Una recesión más profunda que la esperada, el dólar sin un techo en el corto plazo y una inflación que aún no logra domar el Banco Central ya están afectando las proyecciones de crecimiento del 2019. La posibilidad de que el 2018 fuera el año en el que se rompía la dinámica de serrucho, con años impares y electorales creciendo, y años pares cayendo, una idea con la que el Gobierno se ilusionó, ya está perdida. El derrumbe del PBI en junio que se conoció la semana pasada, y ya da una caída de 0,6% para el acumulado del primer semestre, eliminó esa chance. Ahora la ilusión oficial se redujo a lograr mantener el famoso serrucho durante el 2019. Pero entre analistas la cuestión está cada vez más discutida: crece la duda acerca de que eso vaya a ocurrir.

De hecho, tras la publicación del dato del PBI de junio, algunos modificaron sus proyecciones 2019 para mal. Fue el caso del director del CESO, Andrés Asiaín, quien cambió desde una caída de 1,5% a una de 2,5%. Al respecto, explicó: "Lo revisamos a la baja porque la caída de la actividad viene más abrupta de lo que predecíamos". También fue el de ACM, que bajó desde un crecimiento de 1,4% a uno de apenas el 0,6%.

Otros ya venían revisando en los días previos, por la propia crisis cambiaria y la incertidumbre acerca de su estabilización. Ahí se anotó el director de FyE Consult, Hernán Hirsch, que ahora prevé una mejora del PBI de 0,6% en 2019 y explicó: "Vengo revisando hacia abajo. El programa con el FMI no está funcionando, el riesgo país se mantiene en niveles elevados y eso hace que la restricción financiera que enfrenta el país se torne aun más severa y se prolongue".

Y es que si no vuelven a ingresar dólares que apuntalen por el lado de la oferta de divisas, ayudando a compensar una demanda que este año está convirtiendo a la fuga y el rojo de la cuenta corriente en récord histórico, nuevas devaluaciones podrían seguir generando inflación, afectando al salario real, al consumo y a la inversión, que además sufre por una tasa de interés demasiado alta (que para colmo ahora recibe nuevas presiones, ante la nueva depreciación que el tipo de cambio registró la semana pasada).

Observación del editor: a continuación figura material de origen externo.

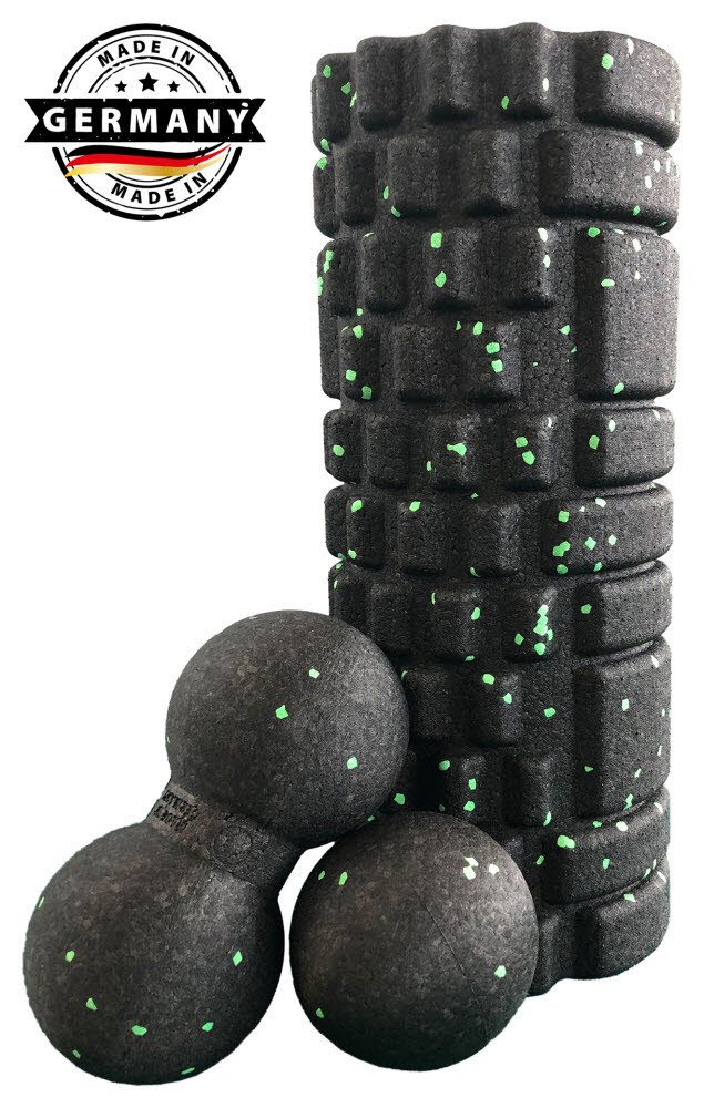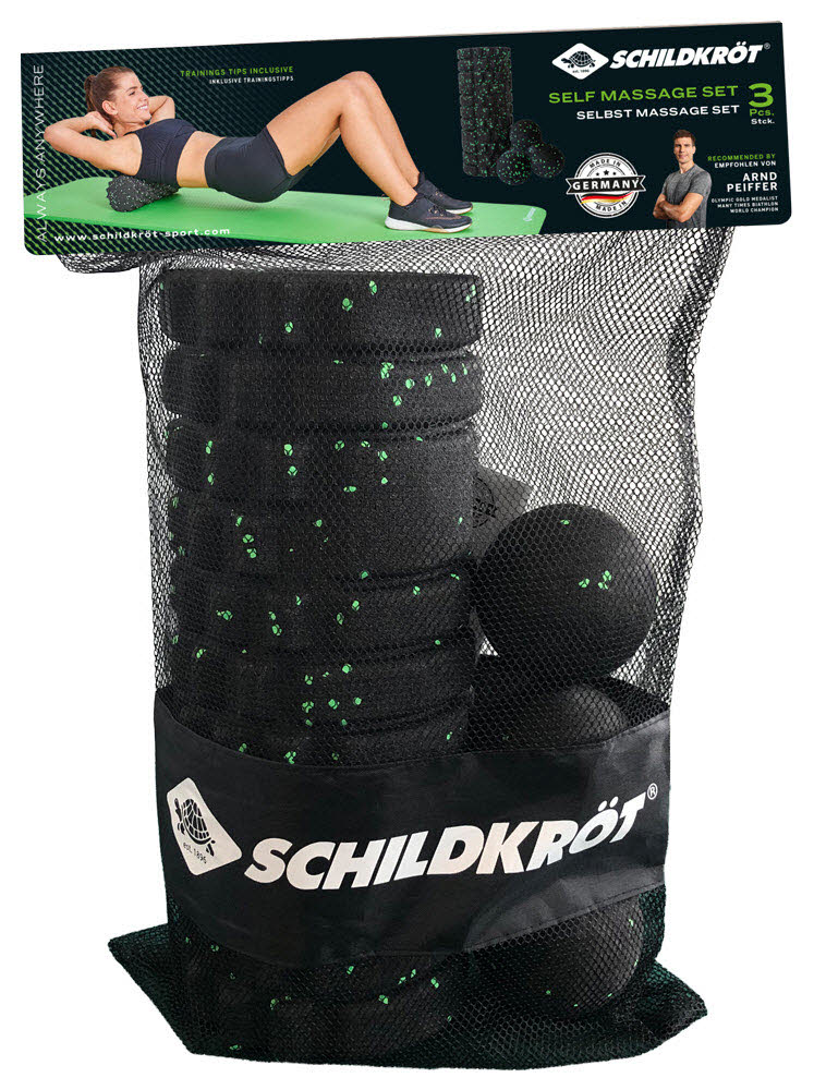 Das neue innovative Schildkröt Fitness Selbstmassage Set besteht aus 3 Geräten zur gezielten Massage aller Körperregionen sowie gezieltem Faszientraining. Im Set enthalten ist eine Faszienrolle (Ø140mm, Länge 330mm) die sich zur Behandlung großer Körperpartien eignet, ein Duo-Ball (Ø80mm, Länge 160mm) zur gezielten Anwendung an kleineren Bereichen wie Rücken und Nacken und ein Massageball (Ø80mm) um schwer zugängliche Körperstellen zu erreichen. Konzipiert wurde das Set um optimal Verspannungen zu lösen und Schmerzen zu lindern. Gefertigt sind die Geräte aus stabilem EPP Schaumstoff, der trotz seines geringen Gewichtes höchst belastbar ist. Das Material ist schmutz- und feuchtigkeitsabweisend sowie rutsch- und abriebfest. Verpackt sind die 3 Teile in einer praktischen Netztasche für den erleichterten Transport. Made in Germany!

A ese problema, que genera incertidumbre, se le suma otro que también se desprende de la crisis cambiaria y la necesidad que la zozobra generó, en el Gobierno, de ir a financiarse con el FMI. Algunos analistas consideran que el 2019 será un año atípico para ser eleccionario: por primera vez desde que se inauguró el serrucho, la capacidad de meter tirón de demanda vía obra pública dependerá del permiso del FMI. Lo explicó Guido Lorenzo, de ACM: "Sí, va a ser un año electoral atípico porque el gasto público no va a estar ayudando. Nos van a estar auditando. Vamos a depender de los permisos que nos pueda conceder el Fondo".

Ahora la pregunta es de cara al 2019. El ministro de Hacienda, Nicolás Dujovne, previó hace unos días una sólida expansión punta a punta para el año que viene. El director de Eco Go, Federico Furiase, trabaja con dos escenarios: uno optimista en el que se restablece la confianza y vuelven a ingresar dólares, con un crecimiento de 1,5% gracias a las exportaciones del agro y la apreciación cambiaria. Y otro escenario más pesimista, que en los últimos días fue ganando terreno, donde los dólares no ingresan y se sigue devaluando, con una caída del PBI que podría llegar al 3% en 2019. "Más allá de estos escenarios de simulación, en 2019 no hay drivers nítidos de crecimiento más allá de la recuperación de las exportaciones por la normalización de la cosecha", explicó Furiase.

El director de Consultora Ledesma, Gabriel Caamaño Gómez, suscribe con el escenario optimista de Furiase y prevé un crecimiento de 1,7% en 2019. Pero aclara: "Para eso tenes que estabilizar la macro y eso todavía no se hizo. No es poca cosa. Pero con eso y la cosecha recuperando, alcanza para que dé positivo". Faltan 18 meses para saber si el Gobierno logra mantener el efecto serrucho. Chances hay, pero parecen ser cada vez menores.